What is the graph of \[y = {\sin ^2}x\] ?

Answer 1

Hint: Here in this question, we have to plot the graph of a given trigonometric function. To solve this better we have to find the amplitude and period. Firstly, rewrite the given trigonometric function in the form of \[a\cos \left( {bx - c} \right) + d\] using the double angle formula, to Find the amplitude = \[\left| a \right|\] , then Find the period using the formula \[\dfrac{{2\pi }}{{\left| b \right|}}\] , \[\dfrac{c}{b}\] represent the phase shift and \[d\] represent the vertical shift, using all these we can plot the required graph.

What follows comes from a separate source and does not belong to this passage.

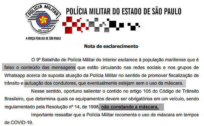 O comando do 9º Batalhão da Polícia Militar em Marília reafirmou que não haverá aplicação de multas e todos os rumores divulgados nas redes sociais se tratam de "fake news".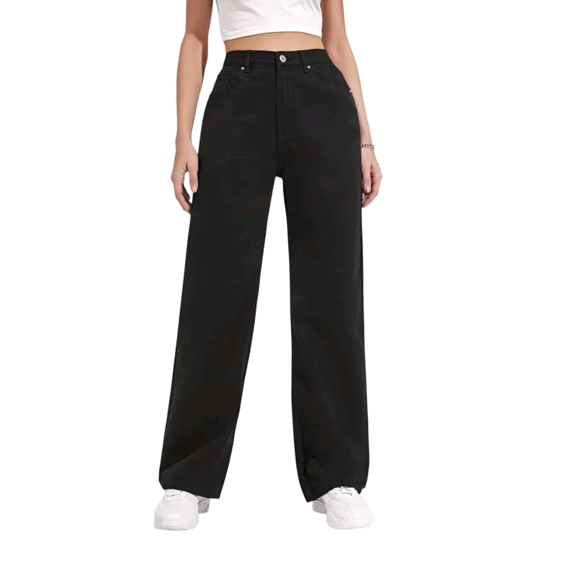 SHE fekete magas derekú egyenes szárú farmer

Complete step by step solution:
Consider the given trigonometric function:
 \[ \Rightarrow \,\,y = {\sin ^2}x\] -------(1)
As we know the double angle formula for cosine: \[\cos \left( {2x} \right) = 1 - 2{\sin ^2}\left( x \right)\]
It can be rewritten as:
 \[ \Rightarrow \,\,\cos \left( {2x} \right) - 1 = - 2{\sin ^2}\left( x \right)\]
Divide both side by -2
 \[ \Rightarrow \,\,{\sin ^2}\left( x \right) = \dfrac{{ - \cos \left( {2x} \right)}}{2} + \dfrac{1}{2}\]
 \[ \Rightarrow \,\,{\sin ^2}\left( x \right) = - \dfrac{1}{2}\cos \left( {2x} \right) + \dfrac{1}{2}\]
The equation (1), becomes
 \[ \Rightarrow \,\,y = - \dfrac{1}{2}\cos \left( {2x} \right) + \dfrac{1}{2}\]
Let the above equation be similar to the form of equation i.e., \[a\cos \left( {bx - c} \right) + d\] to find the variables used to find the amplitude, and period.
Now consider the given expression \[y = - \dfrac{1}{2}\cos \left( {2x} \right) + \dfrac{1}{2}\]
Where,
 \[a = - \dfrac{1}{2}\]
 \[b = 2\]
 \[c = 0\]
 \[d = \dfrac{1}{2}\]
The Amplitude is the height from the centre line to the peak (or to the trough). Or we can measure the height from highest to lowest points and divide that by 2.
To Find the amplitude = \[\left| a \right|\] .
 \[ \Rightarrow \,\,\] Amplitude \[ = \left| a \right| = \left| { - \dfrac{1}{2}} \right| = \dfrac{1}{2}\] .
Then in the graph
Phase shift \[\dfrac{c}{b} = 0\] .
Vertical shift up by \[d = \dfrac{1}{2}\] .
Period is the complete revolution of a wave completing crest and followed by trough
Otherwise
The Period goes from one peak to the next (or from any point to the next matching point):
Find the period using the formula \[\dfrac{{2\pi }}{{\left| b \right|}}\]
 \[ \Rightarrow \,\,\] Period \[ = \dfrac{{2\pi }}{{\left| 2 \right|}} = \dfrac{{2\pi }}{{\left| 2 \right|}} = \dfrac{{2\pi }}{2}\, = \pi \] .
The sketch of the given function \[y = {\sin ^2}x\] is:

Note: The period is the length of the smallest interval that contains exactly one copy of the repeating pattern. The Amplitude is the height from the centre line to the peak. We use the form of equation i.e., \[a\cos \left( {bx - c} \right) + d\] and we have formula for the period and amplitude and hence we determine the values.